With projected savings of around a quarter of a million dollars, Rifle City Council has given the go-ahead to refinancing the 2003 sales tax street improvement bonds.

City voters approved the $4 million bond issue, which has around $1.9 million still owed by the city, Finance Director Charles Kelty told the council at a March 6 workshop.

"With interest rates so low, we think we'll have a net savings to the city of anywhere from $200,000 to $260,000, or about $45,000 a year for the next five years," he said.

The City Council was due to consider the refinancing at its March 20 meeting.

Kelty noted the city had recently paid off the bonds for the justice center and its water debt, so refinancing the street bonds "is another good way to reduce costs."

Christen Villalobos of RBC Capital Markets, the top-ranked underwriter for municipal bonds in Colorado in 2012, proposed the refinancing plan and told council the current interest rates on the bonds were between 3.75 percent to 4.1 percent.

"Right now, you're due to pay these bonds off in 2018," Villalobos said. "If you refinance at today's rates, you'll see some substantial savings."

A conservative estimate shows a possible interest rate of 2 percent on refinanced bonds, Kelty wrote in a memo for the March 20 council meeting.

Villalobos added RBC normally advertises for local investors when a city refinances its debt.

At its March 20 meeting, council considered two engagement letters, one from RBC Capital Markets to provide underwriting services, and Kutak Rock to provide bond counsel services. RBC charges a fee of $12 per $1,000 of re-financed bonds, Kelty wrote in his memo.
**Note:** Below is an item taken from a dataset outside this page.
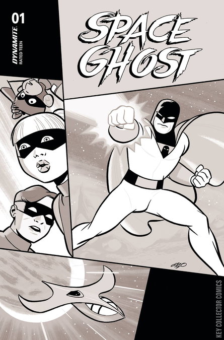 Greed and corruption flourish in the darkness between stars. With the territories of the Galactic Federation spread far and wide across the vastness of space, pirates and hijackers ransack the distant colonies with cruel disregard for the innocent scientists living within them. Yet there is a cosmic vigilante who metes out justice throughout the galaxy, bringing vengeance to those prey upon the defenseless. Some say he is a policeman who has abandoned the strictures of the law. Others say he is a phantom, the sole survivor of a war-torn planet. And those who have survived his wrath claim he is more a force of nature, able to bend the very elements of Creation to decimate his enemies. They call him the SPACE GHOST - and his adventures begin here! Award-winning writer DAVID PEPOSE (Punisher) and superstar artist JONATHAN LAU (Vampirella Strikes) kick off this action-packed series with a surprise attack on Space Colony Omicron - home of the brilliant scientist Dr. Jerrod Keplar and his young children, Jan and Jace, as well as their pet monkey, Blip. With the colony's defenses overwhelmed, all seems lost - but these ruthless pirates didn't count on the wild card that is Space Ghost! This debut issue also includes covers from some of the finest artists in the known universe - including FRANCESCO MATTINA, JAE LEE & JUNE CHUNG, BJORN BARENDS, and MICHAEL CHO!

With the refinanced amount approximately $1.9 million, this fee should not exceed $24,000, he continued.

Kutak Rock will charge a fee ranging from $30,000 to $35,000, Kelty added.

Villalobos said those figures were included in the savings estimate.

"We can't absolutely guarantee you'll see these exact savings, due to market swings," Villalobos continued. "But given the size of this issue, and five or six years is a highly desirable time for investors, we are confident."

Kelty said the city has approximately $300,000 in bond proceeds left to spend on the street projects identified at the time of the original issue.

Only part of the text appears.